● **Directions for this task**: The entries below are to be copied exactly, with every picture left out.

Extracted records:
------------------------------------------------

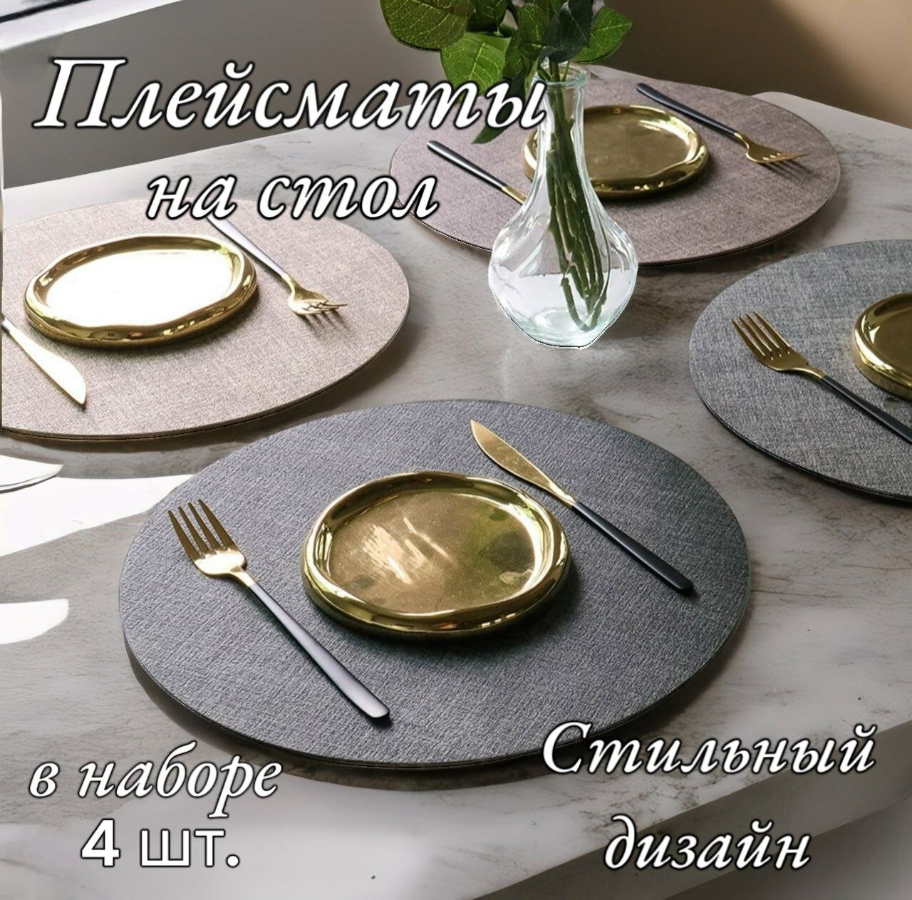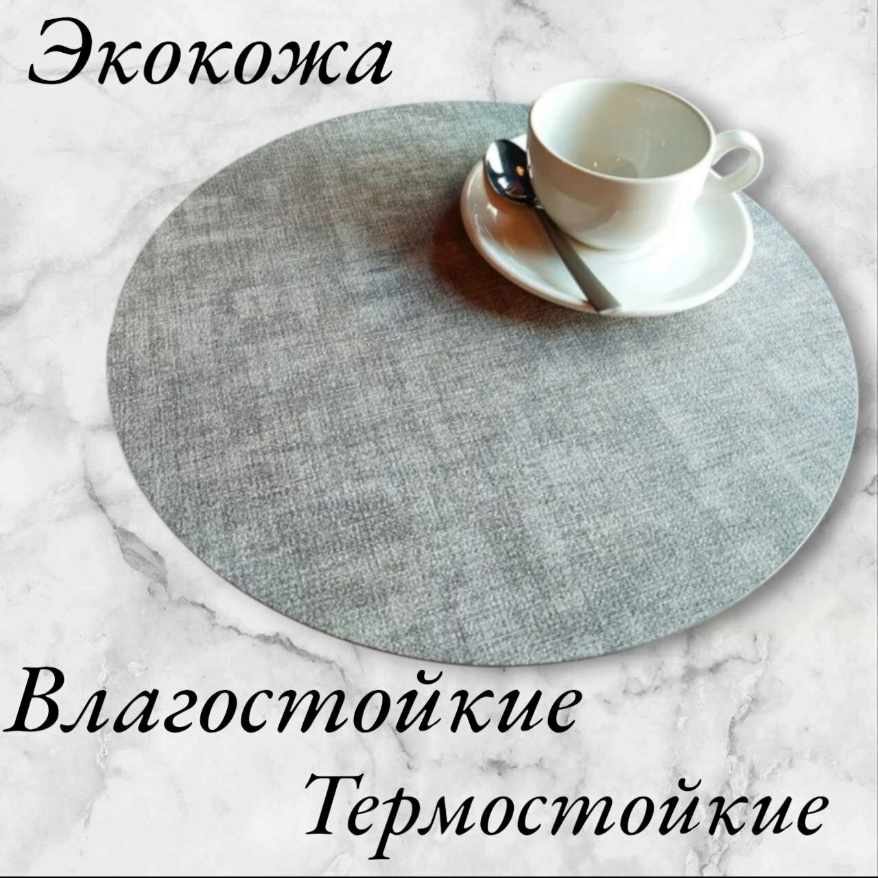 Плейсматы салфетки на стол сервировочные, из экокожи темно серые, круглые, антискользящие, водоотталкивающие, 33 см, комплект 4 шт интересное:
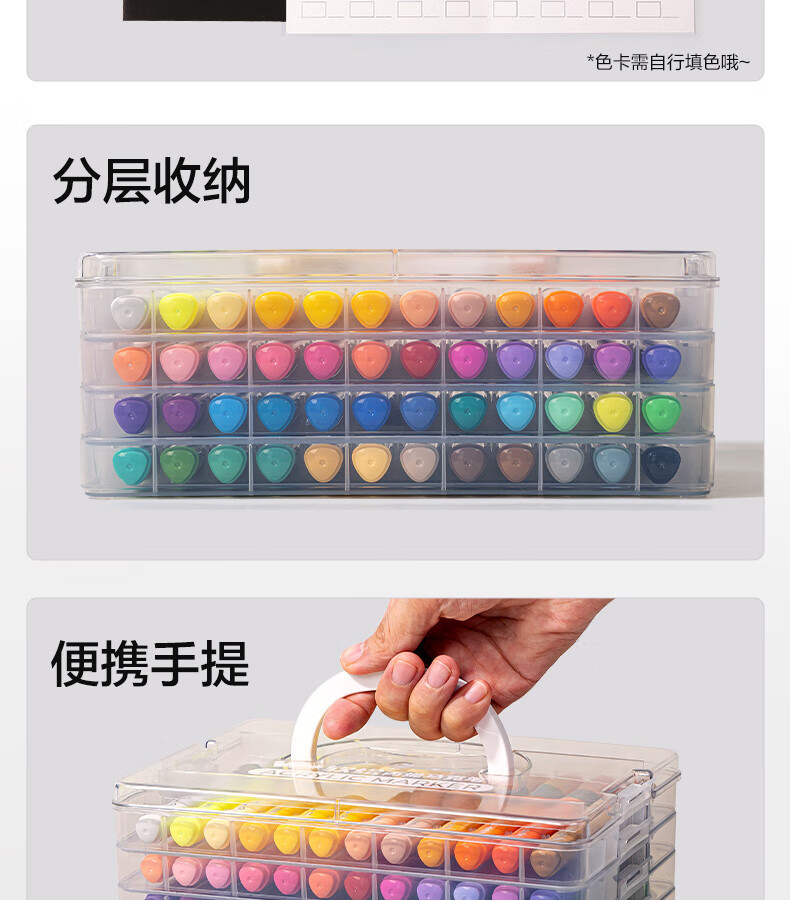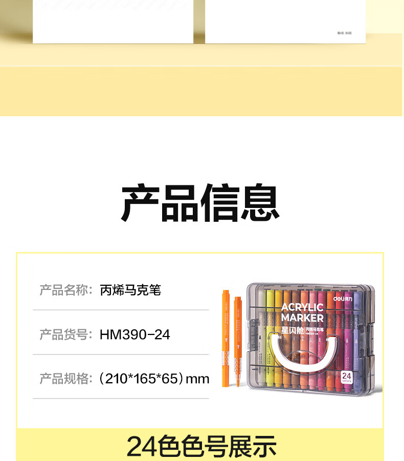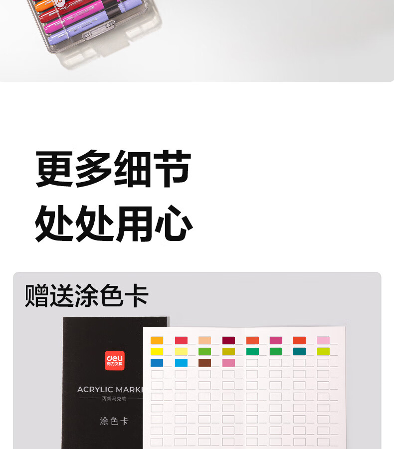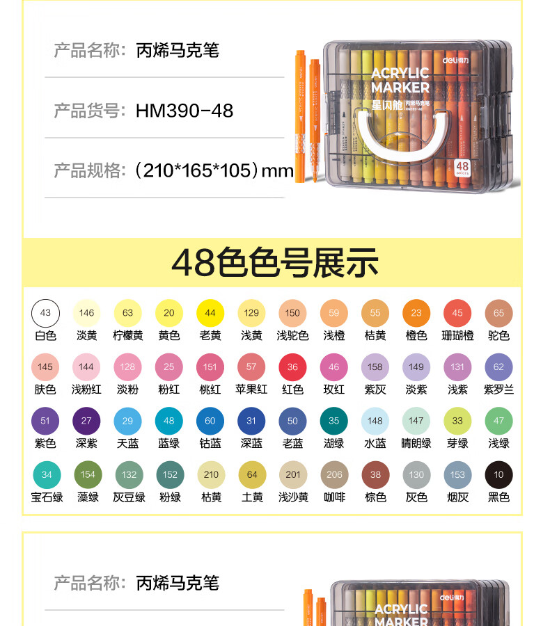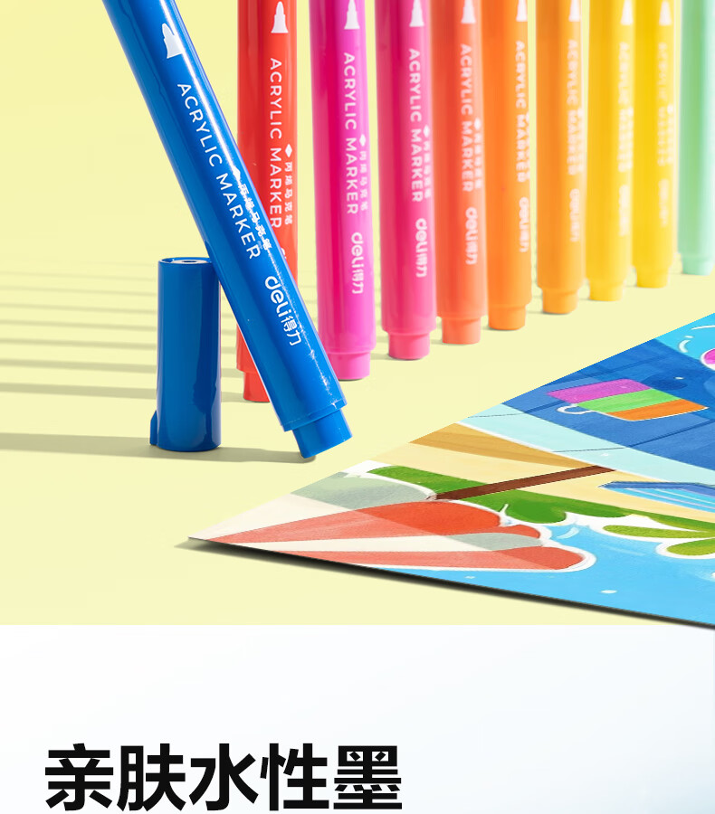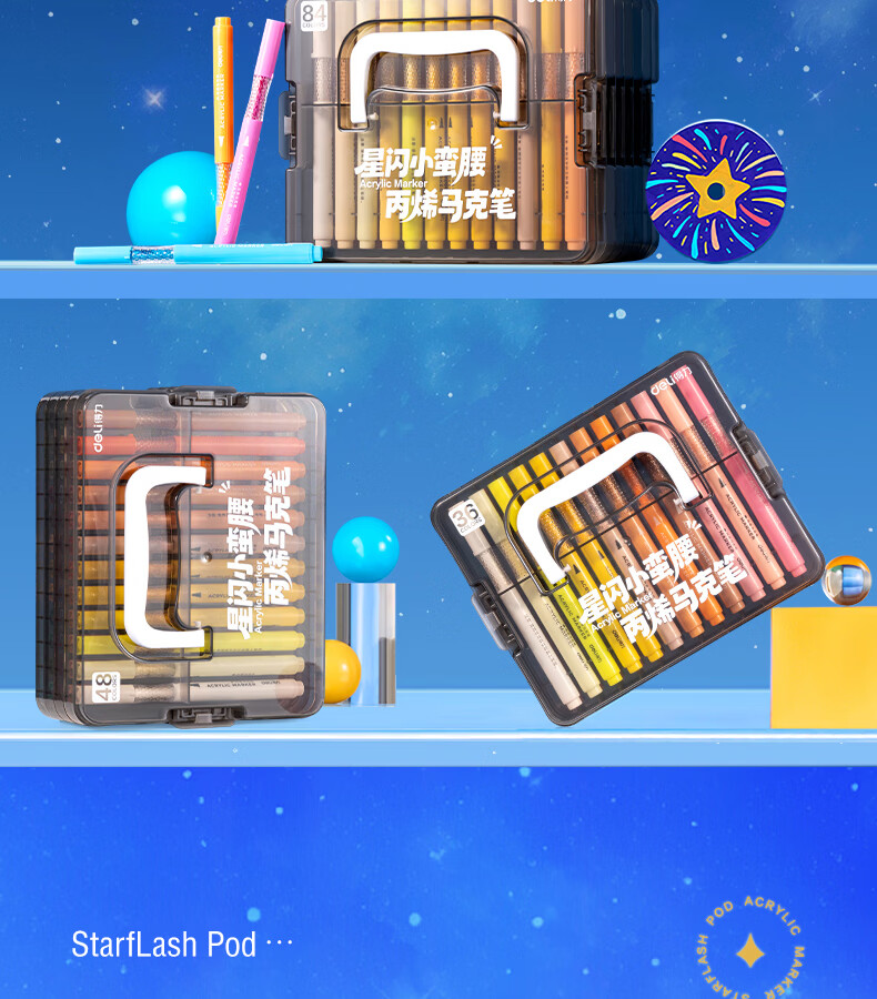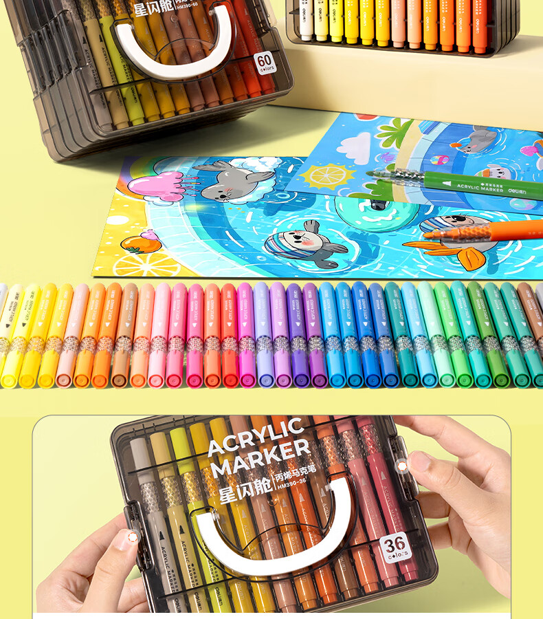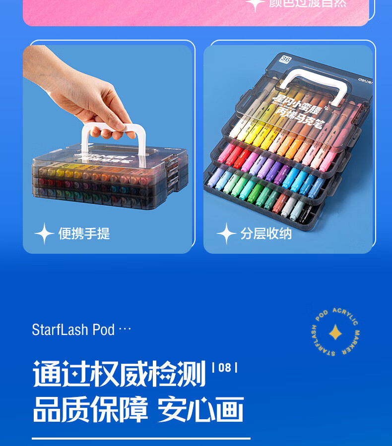 得力丙烯马克笔小蛮腰层叠盒便携收纳强覆盖力可水洗可叠色儿童小学生美术生绘画用幼儿园透明可视笔杆 【36色丨小蛮腰层叠盒】丙烯马克笔
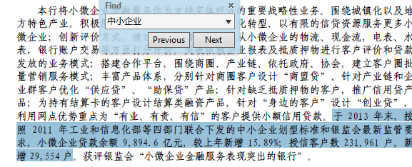 查找时注意:银行年报中对“中小企业”的标示是“小微企业”。(是不是很萌!!)
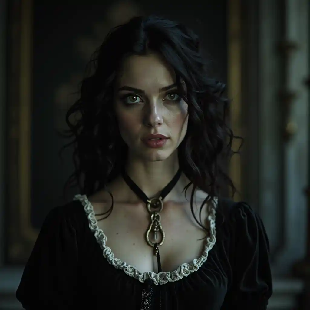 Темноволосая, красивая женщина с бледной кожей в темном русском аристократическом наряде 18-го века, (1980-е годы темная фантазия кинематография:1.5), реалистическая детальная фотография, гротескный вампир, зерно фильма, драматическое освещение, (вамрные клы:1.2)
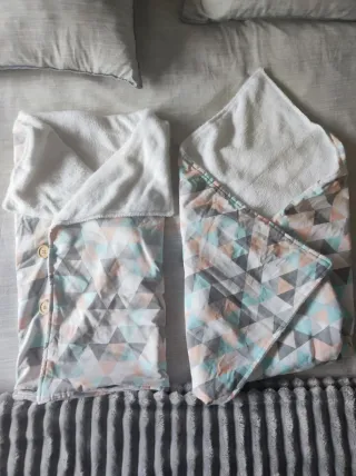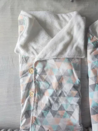 Saco y manta de bebe hechas a mano con tela de algodón y forrados con coralina blanca. Perfectos para capazo o minicuna

------------------------------------------------

● **Answer to the exercise**:
 Плейсматы салфетки на стол сервировочные, из экокожи темно серые, круглые, антискользящие, водоотталкивающие, 33 см, комплект 4 шт интересное:
 得力丙烯马克笔小蛮腰层叠盒便携收纳强覆盖力可水洗可叠色儿童小学生美术生绘画用幼儿园透明可视笔杆 【36色丨小蛮腰层叠盒】丙烯马克笔
 查找时注意:银行年报中对“中小企业”的标示是“小微企业”。(是不是很萌!!)
 Темноволосая, красивая женщина с бледной кожей в темном русском аристократическом наряде 18-го века, (1980-е годы темная фантазия кинематография:1.5), реалистическая детальная фотография, гротескный вампир, зерно фильма, драматическое освещение, (вамрные клы:1.2)
 Saco y manta de bebe hechas a mano con tela de algodón y forrados con coralina blanca. Perfectos para capazo o minicuna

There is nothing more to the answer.